Assessing the therapeutic potential of lab-made hepatocytes

Abstract

Hepatocyte transplantation has potential as a bridge or even alternative to whole-organ liver transplantation. Because donor livers are scarce, realizing this potential requires the development of alternative cell sources. To be therapeutically effective, surrogate hepatocytes must replicate the complex function and ability to proliferate of primary human hepatocytes. Ideally, they are also autologous to eliminate the need for immune suppression, which can have severe side effects and may not be sufficient to prevent rejection long term. In the past decade, several methods have been developed to generate hepatocytes from other readily and safely accessible somatic cells. These lab-made hepatocytes show promise in animal models of liver diseases, supporting the feasibility of autologous liver cell therapies. Here, we review recent preclinical studies exemplifying different types of lab-made hepatocytes that can potentially be used in autologous liver cell therapies. To define the therapeutic efficacy of current lab-made hepatocytes, we compare them to primary human hepatocytes, focusing on engraftment efficiency and posttransplant proliferation and function. In addition to summarizing published results, we discuss animal models and assays effective in assessing therapeutic efficacy.
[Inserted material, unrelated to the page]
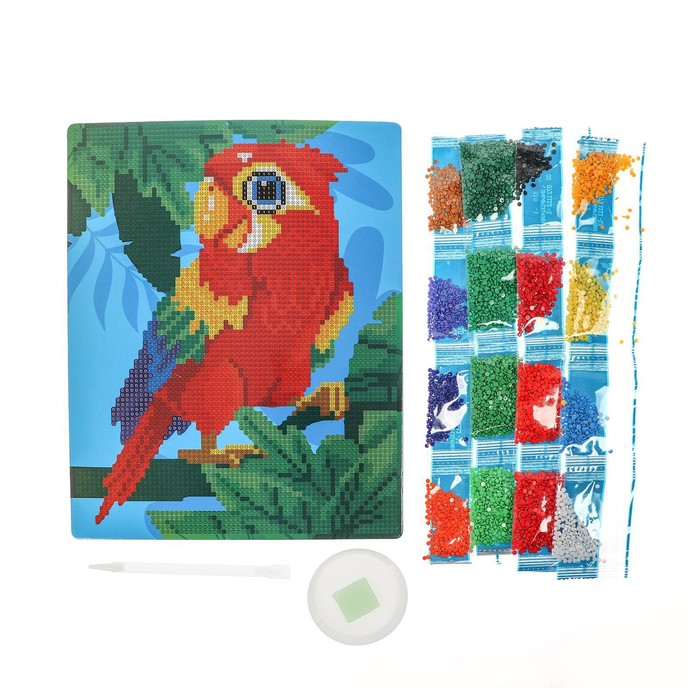 Алмазная мозаика с частичным заполнением для детей «Яркий попугай», 20 х 25 см
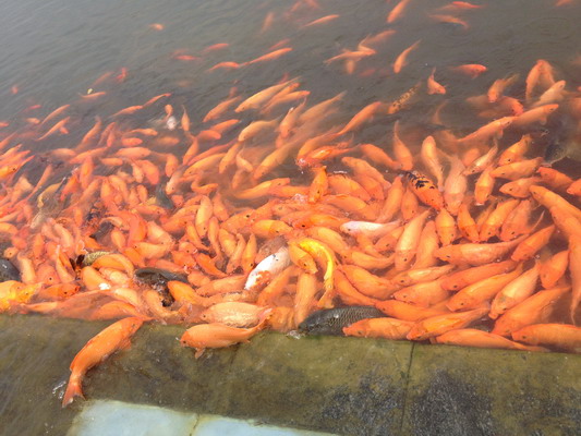 游人如织,鱼儿也游得更欢快,在水里来回穿梭,表演起水上芭蕾。于是就吸引了更多的游人前来观看。不知是谁带的头,开始往湖中投面包碎,原本平安无事的鱼群出现了骚动,之后接二连三有人效仿。看到这幅“群鱼争食图”,有的游客开始往湖里扔石子,还有的人拿起树枝在水里搅来搅去,更有甚之,有的家长竟然自带了捞子,从湖里往外捞鱼。那块“禁止钓鱼,禁止上冰”的牌子完全被冷落在一旁,成了被人遗忘的角落。

This analysis underscores the therapeutic potential of current lab-made hepatocytes, but also highlights deficiencies and uncertainties that need to be addressed in future studies aimed at developing liver cell therapies with lab-made hepatocytes. (Hepatology 2016;64:287-294).

Fig. 1

Assays used to assess the therapeutic efficacy of lab-made hepatocytes.

Fig. 2

Comparison of HSA and liver repopulation levels between recent studies using lab-made hepatocytes and studies using pHeps that reported near-complete liver repopulation. For each study ALB levels were correlated with % liver repopulation. Studies are labeled with the number of transplanted cells (M = million), cell type, animal model, first author and year of publication. The left panel shows results from all studies. The right panel is a double-log plot showing only results from studies using lab-made hepatocytes (highlighted area in left panel). ^Anti-asialo-GM1 antibody. °Tacrolimus. *Equivalent % liver repopulation of liver buds transplanted under the kidney capsule was calculated as the ratio of 2.9 million iPSC-Heps to an estimated 50 million hepatocytes in the mouse liver. **Transplantation by intrahepatic injection. ***% liver repopulation was normalized by estimating that the engrafted median lobe contains 30% of the total liver mass.